> One of my assignment is to become expert on Kaggle, so if any possible, please vote of me or give me some advices! Thank you so much

## Animal Care and Control Adopted Animals

In early 2017, the Bloomington Animal Shelter migrated management software from AnimalShelterNet to Shelter Manager. We attempted to preserve as much information as possible from the old system. The outcome fields in animal shelter are scattered in multiple fields not just one, for example Dead on arrival, Put to sleep, Movement Type and others are all considered as part of outcome.

By analysis the dataset, we can know what will influence adoptions of animals, what feature probably will influence the stories of those animals.

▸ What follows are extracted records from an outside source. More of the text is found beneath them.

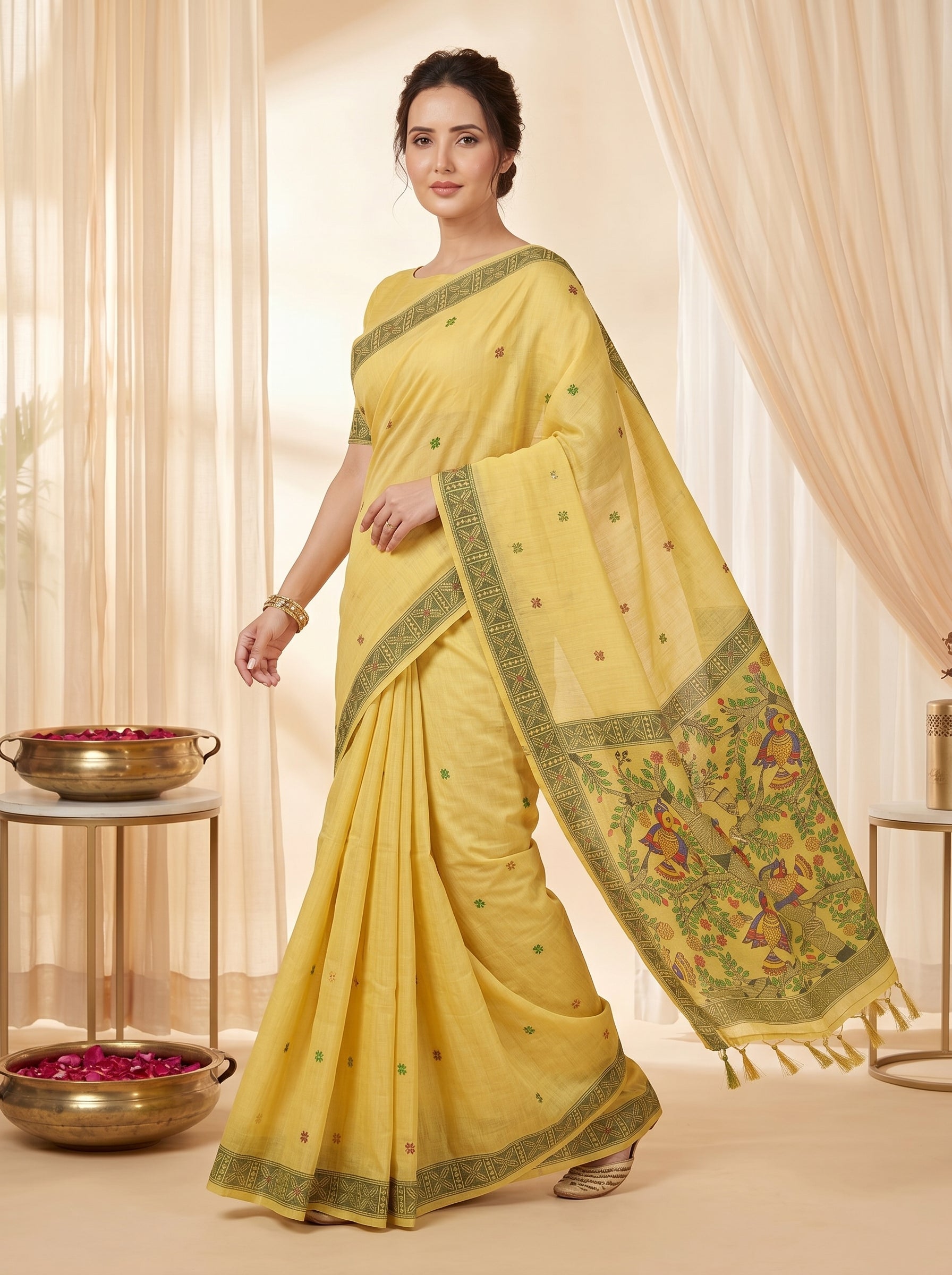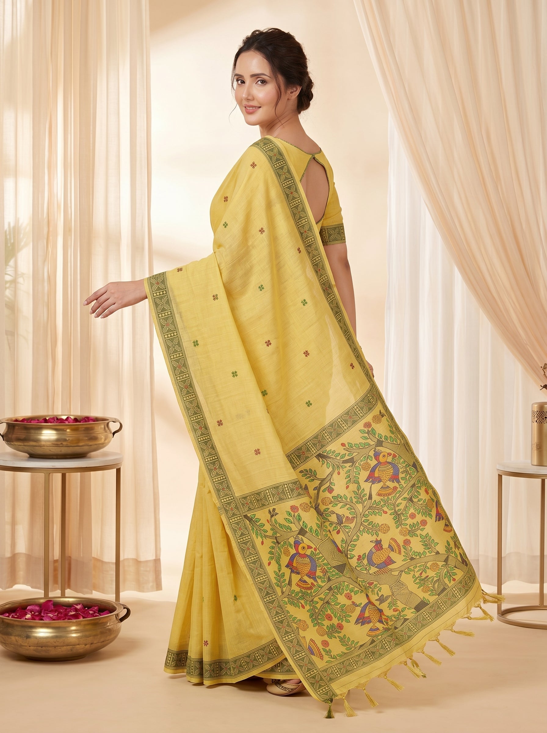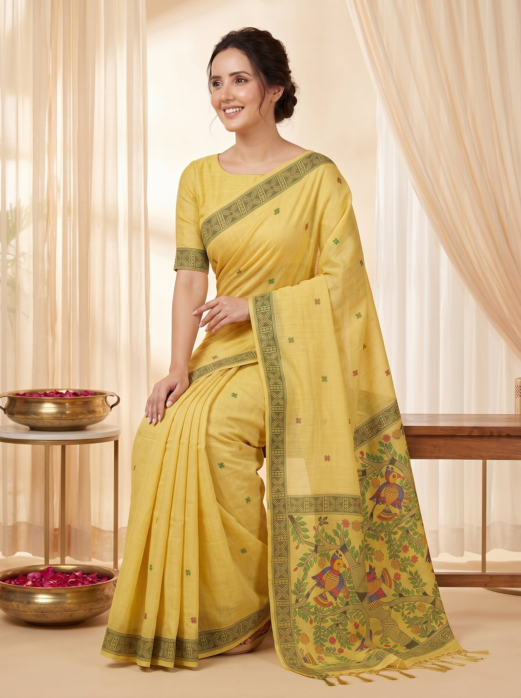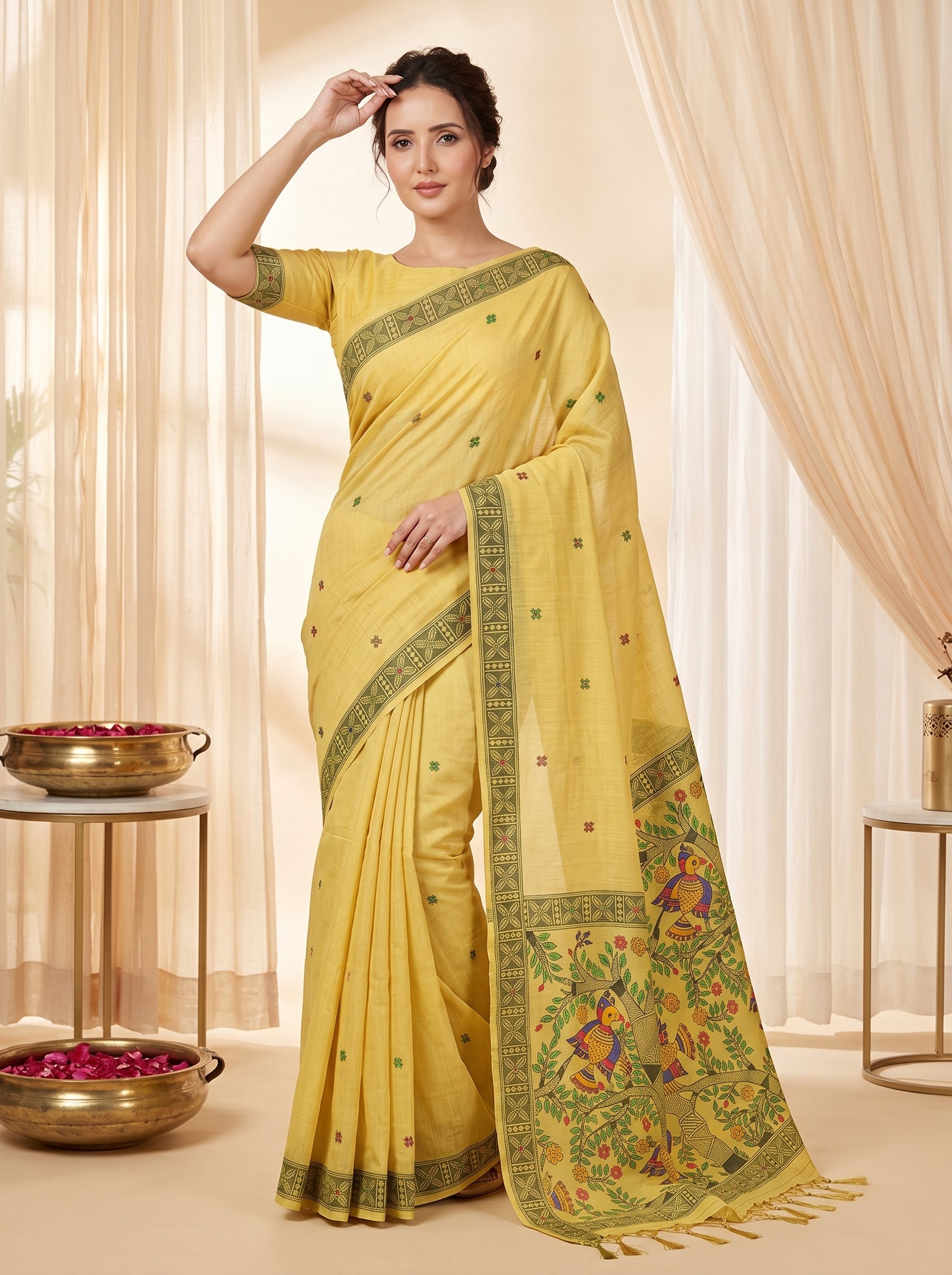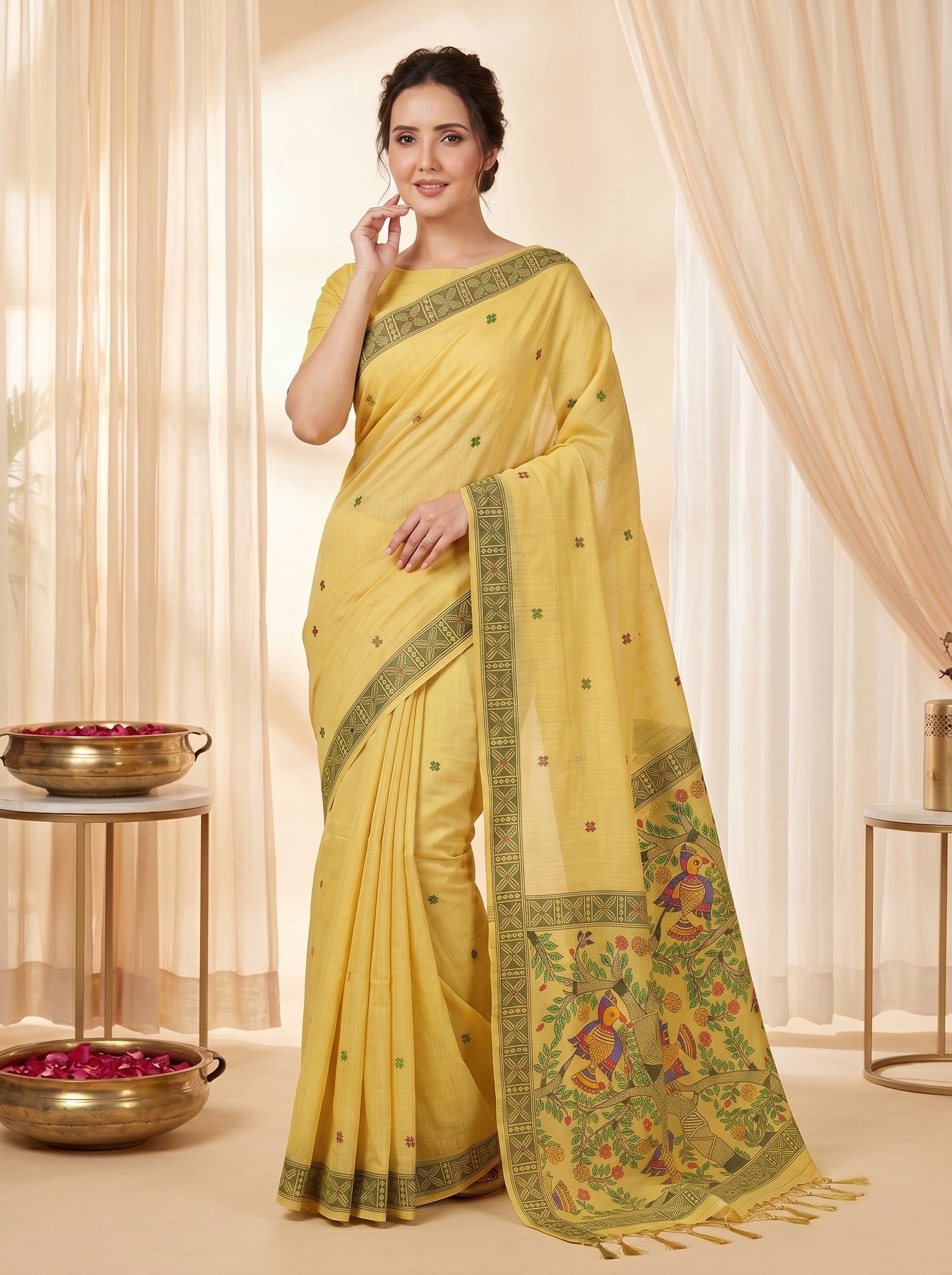 Yellow Muga Cotton Saree For Women Madhubani Print Resham Weaving Soft Cotton Saree Traditional Handloom Saree With Blouse
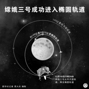 新华社北京12月10日电 (记者 余晓洁 左元峰)记者从国家国防科技工业局获悉,10日21时20分,嫦娥三号从100公里×100公里的环月圆轨道,降至近月点约15公里、远月点约100公里的椭圆轨道。这是嫦娥三号预定的月面着陆准备轨道。
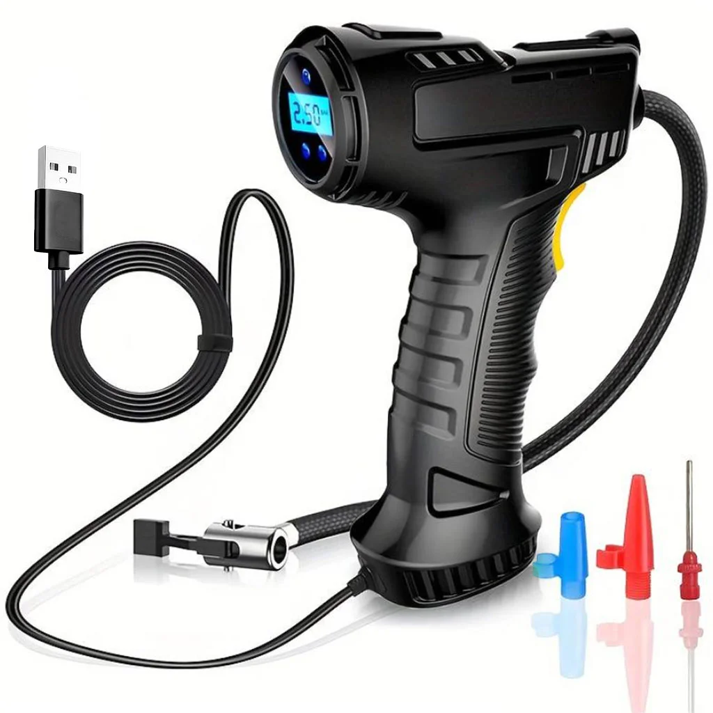 Specyfikacja Moc: 120 W Przepływ gazu: 20 L/min Czas ładowania: 3-4h Czas użycia: 20 minut W zestawie: końcówki do pompowania kabel usb kompresor Długość przewodu zasilającego: 100 cm Długość wężyka: 36 cm Wymiary: 13,2 cm x 5,3 cm x 20,3 cm Kolor: czarny

This notebook is mainly about: 
* Data processing - Missing data, Data type, Outliers etc
* Data analytics and visualization - Bar, histogram, line, heatmap, time series

I'm still working on regression on this dataset, will post soon.

In [None]:
#prepare the libraries
import pandas as pd
import numpy as np
import seaborn as sns
import matplotlib.pyplot as plt
from sklearn import preprocessing

In [None]:
df=pd.read_csv('../input/animal-data/animal-data-1.csv')
df.head()

### Data Processing

In [None]:
print('Data Shape',df.shape)
df.info()

1. Seems we have some null data, including'intakereason','breedname' 'identichipnumber','returndate','returnedreason','deceaseddate'. 

2. We have some date features but the type of data are object, these features should be specified as date objects to allow for easier feature engineering and analysis later on.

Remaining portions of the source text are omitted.